The role of sexuality in marriage emerges as a means for building and eventually expressing the fundamental option. And this, it seems, is the role of sexuality over and above procreation or mutual love, which are themselves means of expressing the fundamental option. But for this to be the case, control of sexual intercourse must lie with the couple. This means more than the free decision to engage in sexual intercourse.

The question is raised: is sexual intercourse in and of itself so filled with meaning and purpose that the psychology of the couple can neither add nor subtract nor determine? The answer is no. The fact that a child results from a given marital act does not mean the husband and wife have grown to the point that they should generate. It may simply be a biological process which denies the deeper meaning of procreation--that of generation.

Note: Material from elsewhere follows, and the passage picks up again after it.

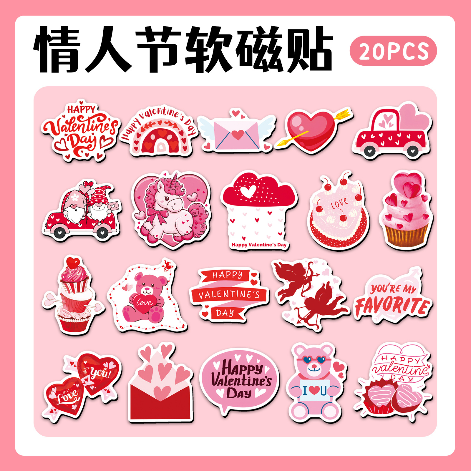 20片卡通情人节软磁冰箱贴跨境热卖粉色节日爱心装饰磁性磁吸贴월 판매량 1개재구매율 0%1,776원 * 수입시 예상 단가6.64元5.92元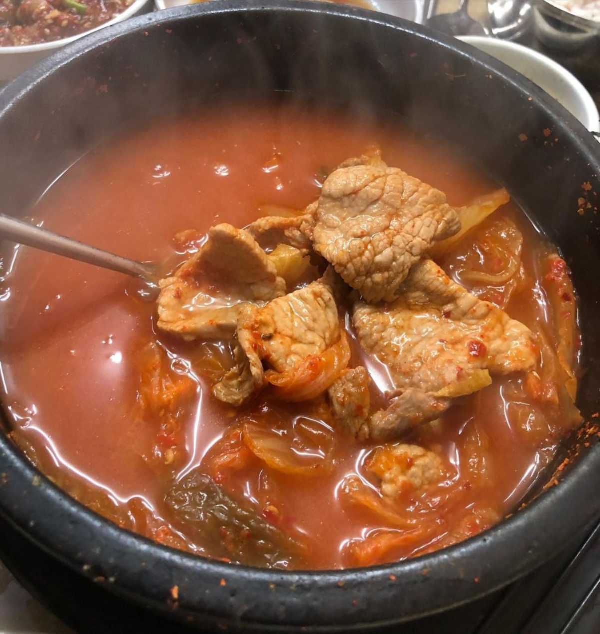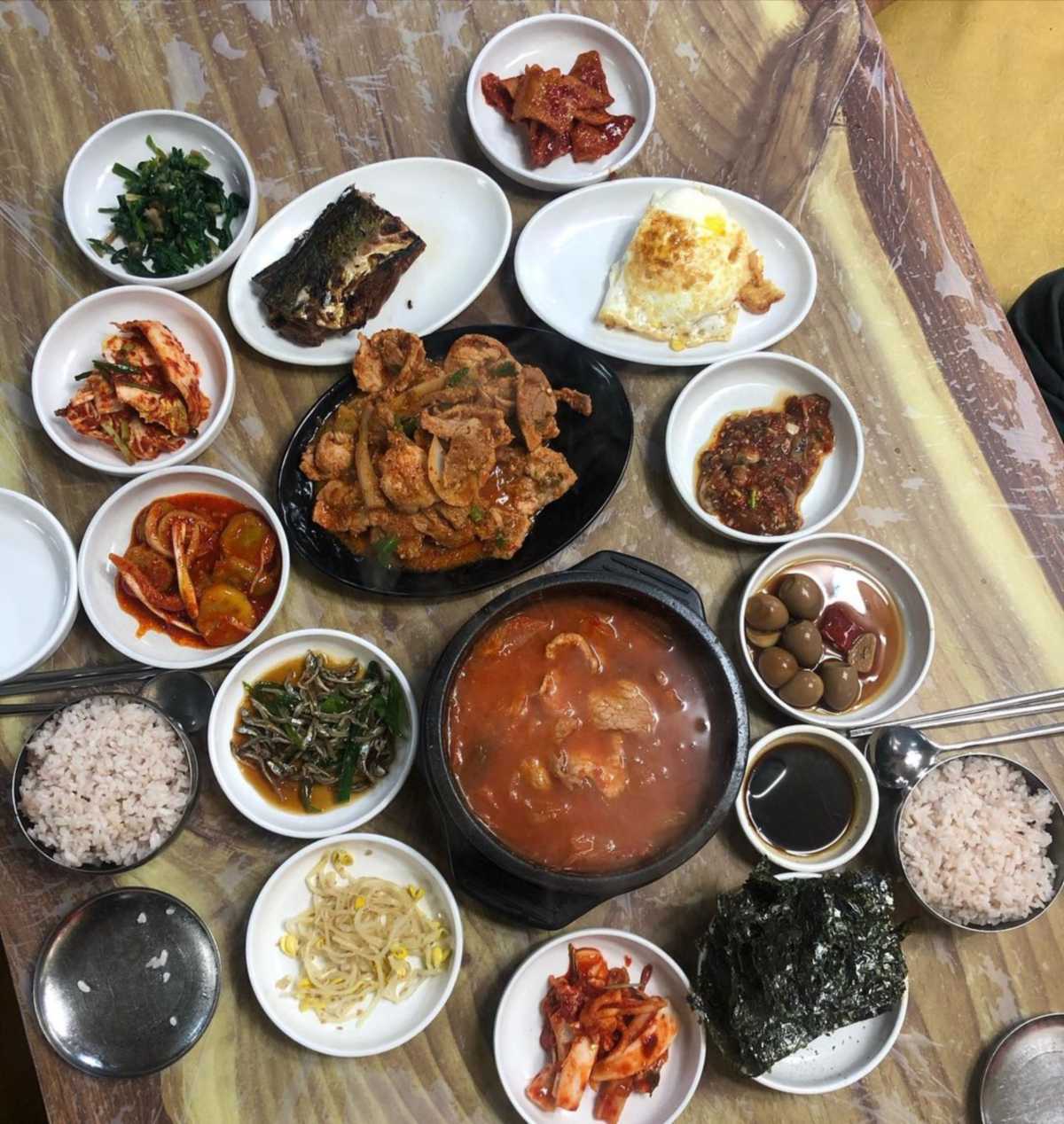 제육볶음을 시키면 김치찌개를 주는 목포 토박이 추천 맛집 상락동 ‘꽃돼지식당’. 제육 백반을 시키면 넉넉한 양의 김치찌개를 서비스로 함께 주는데 그 맛이 예사롭지 않다. 직접 담근 묵은지와 돼지고기를 아낌없이 넣어 푹 끓인 김치찌개는 깊은 맛으로 메인 메뉴라고 해도 이상하지 않을 정도. 텁텁하지 않고 깔끔한 제육볶음 또한 밥도둑이 따로 없다. 거기에 계란후라이, 고등어구이, 각종 나물, 소세지볶음 등 남도의 손맛이 가득한 밑반찬 또한 10가지가 넘는다니 서비스에 가성비까지 완전 대혜자인 맛집이다.

Even the act of sexual intercourse may not be an expression or development of the fundamental option. It may be a passionate decision in which, for many reasons, the freedom of the will has been diminished. Because the act takes place between a validly married couple does not mean they, by virtue of their marriage, have surrendered control of the act or the right to invest it with meaning. The appearance of a child too early in a marriage may frustrate the development of the fundamental option. And if the husband and wife have not yet reached a stage of real surrender to each other and loss of self within each other, the child's development may be significantly curbed.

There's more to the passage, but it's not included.